В отличие от героев других авторов, которые, мне кажется, тянут нас слишком назад.
Играем в ад[73]
Книжку Линор Горалик «Устное народное творчество обитателей сектора М1» я частично прослушала на презентации, частично прочитала, пока ехала домой. Книга жесткая: устойчивость жанровых форм народного творчества тут помножена на неколебимость священных архетипов. В книге собран фольклор обитателей ада. Интонация книги – невообразимое среднее между духовным стихом и стебом.
Но вот какое дело: притом что с нами ведут такую культурную игру, притом что рай и ад, праведник и бес, грех и святость, благая весть и свет Христов тут повод к авторским ассоциативным построениям, стилистической фантазии (в книге Л.Г. «Недетская еда» много таких не воплощенных задумок – там, правда, в основном речь шла о мифологии сексуального), – при всем, повторюсь, понимании правил игры и автором, и читателем, миф тут работает всерьез.
То есть книжкой можно наслаждаться литературоведчески – а можно почуять серу и взметнуться горе́.
Проповедническая сила стеба – старая тема.
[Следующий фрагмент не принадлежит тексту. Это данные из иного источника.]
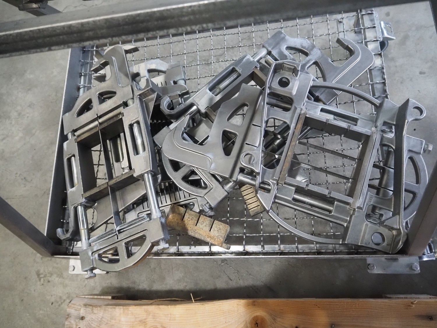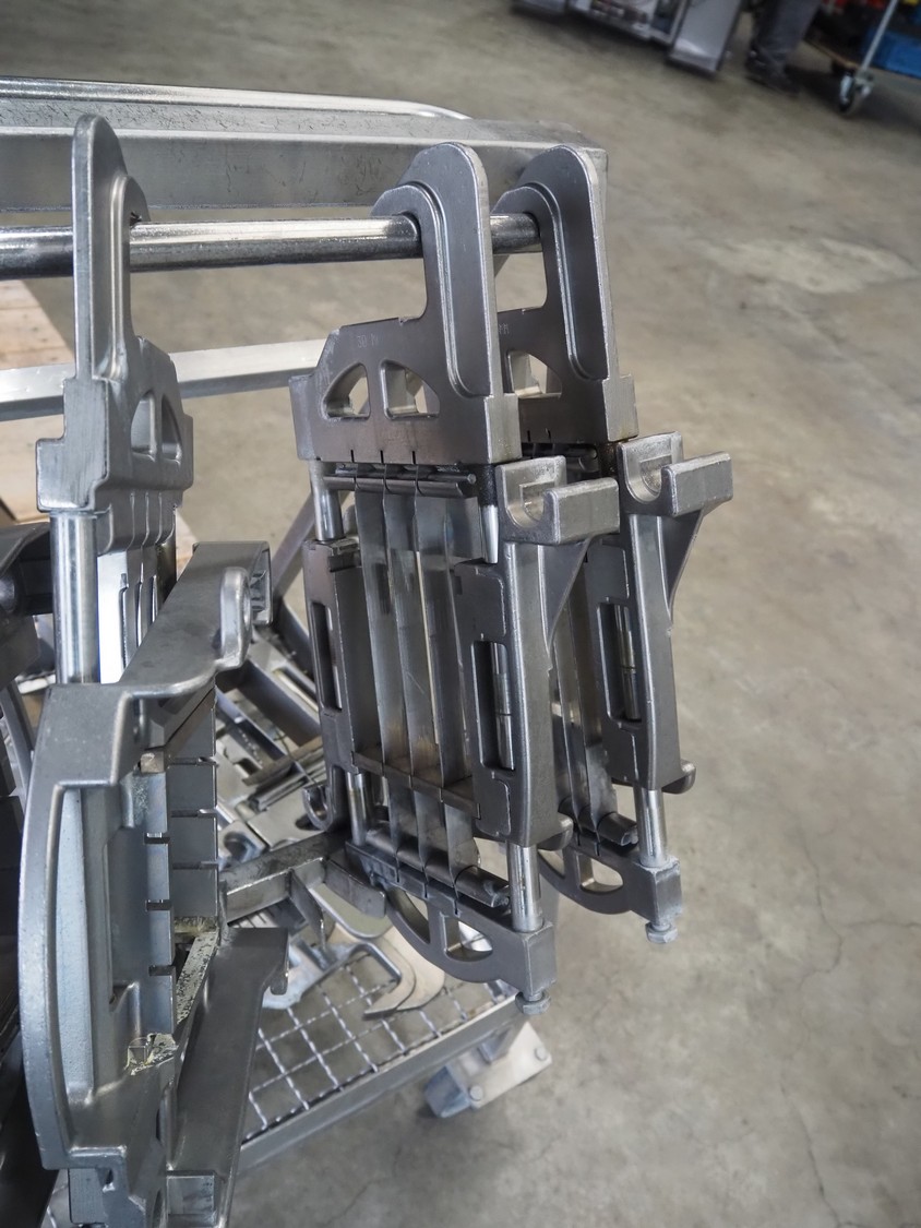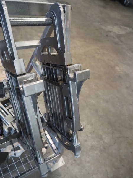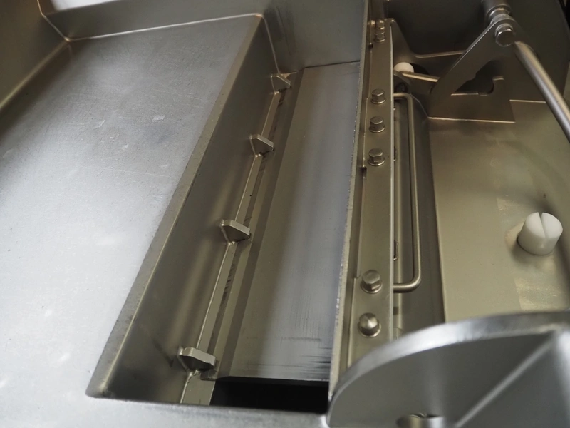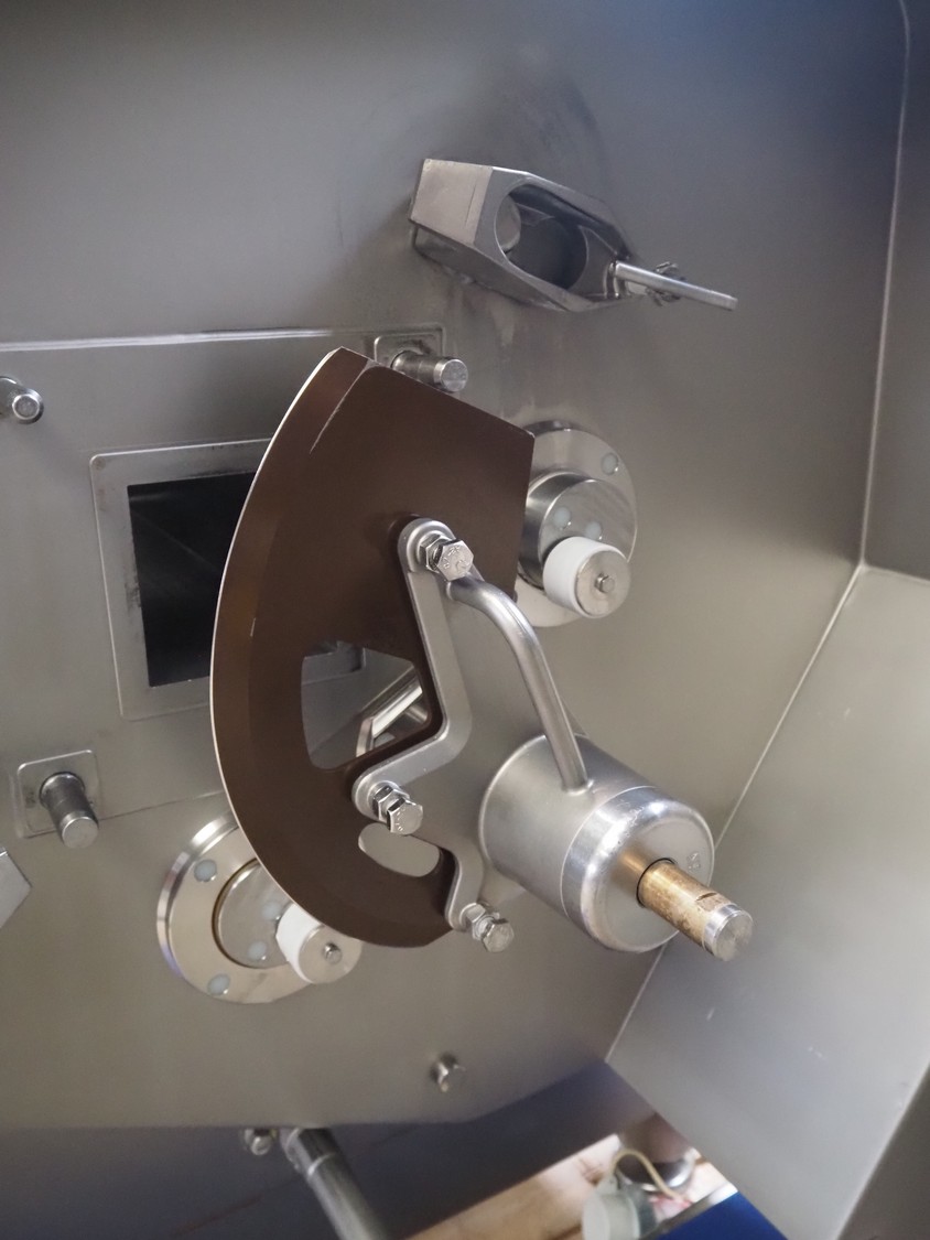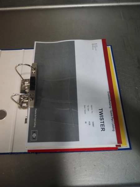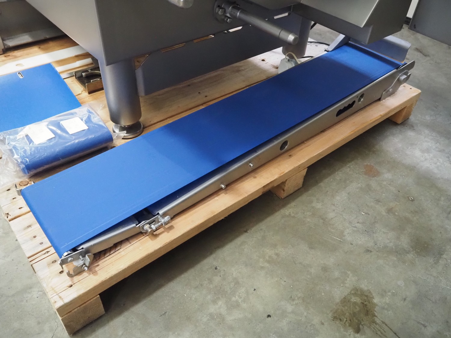 Treif dicer, model: Twister, machine number: 412006.158091.109783, year of construction: 2010, 380-480 V, 3 Ph, 50/60 Hz, 10-8 A, 4.5 kW, 670 kg, dimensions chamber:120 mm x 120 mm, plastic outfeed belt, belt width 240 mm, total dimensions: 1950 mm x 1500 mm x 1300 mm. With trolley with grids.

И пожалуй, одна из главный тайн литературы (вообще – искусства).
Вот Горалик пишет про сквер в аду – что, мол, это как в детстве, когда ты весь в радости, между качелями и качелями забежал, задержался в сквере, и вдруг всю полноту мая, солнца и счастья своего ощутил, такой вот будет и сквер, куда попадешь потом, после детства и всего, только – без радости.
Сразу вспомнился ад Клайва Льюиса («Письма Баламута», «Расторжение брака»), про который он писал, что он безрадостный и юмора в нем нет.
Ад, писал Льюис, очень серьезная организация. Регламентированная. Принуждение и тоска. Там все «мают» друг друга, потому что сами маются – это опять Горалик.
Еще вспоминается «Современный патерик» Кучерской – это когда Горалик пишет о Наивном Праведнике, который лоб расшибал в молитве, а святости не стяжал и на Бога обиделся. Религиозный такой анекдот, и вроде издевательский, а посмотришь, учительствует и смиряет, как какая-нибудь толстовская сказочка.
И конечно, из недавнего приходит на ум первая повесть в книге Пелевина «Ананасная вода для прекрасной дамы» – самая сильная в книге (как в его более раннем сборнике «П5» самая сильная – «Зал поющих кариатид»). Там тоже игра: человека, умеющего подражать голосу Левитана, спецслужбы заставили говорить с американским президентом от имени Бога, а потом политическая конъюнктура поменялась, и герой с тем же жаром и убедительностью вещал голосами ада.
Вроде все понятно – условность, и Бога нет на них, чтобы вмешаться, прозвучать. Есть механический человечек, устройства, людская возня, мировой заговор.
Но вот эффект Пелевина, который умеет соединить стеб с духовностью: читая, слышишь не возню, а голос Бога, переворачивающий все внутри. Пелевин достоверно, художественными средствами, изображает путь человека к Богу (ни много ни мало внутренний опыт подвижника) и обратно, в отпадение, в ад (который и есть по сути максимальная удаленность от Бога).
Я даже выписала из него две цитаты, вполне способные составить писательский «патерик», – о самообмане и отчаянии человека:
«Лампа Ламп светила по-прежнему. Но я увидел, как отражается в ней мое сердце.
Оно не могло биться рядом с Сердцем Сердец. Оно не готово было гореть – о нет, оно просто хотело как можно больше райской халвы на халяву. Оно желало, чтобы его любили и ласкали в его мерзости и бесстыдстве, и чтобы на ложе этого наслаждения рядом с ним возлежал сам Господь.
И когда я постиг это про себя, то, вместо того чтобы отвергнуть свой грех, я отверг показавшее его зеркало. Я устыдился пронзающего меня Божьего взора и бросился в черную бездну, чтобы скрыть свой позор, хоть и знал, что это невозможно».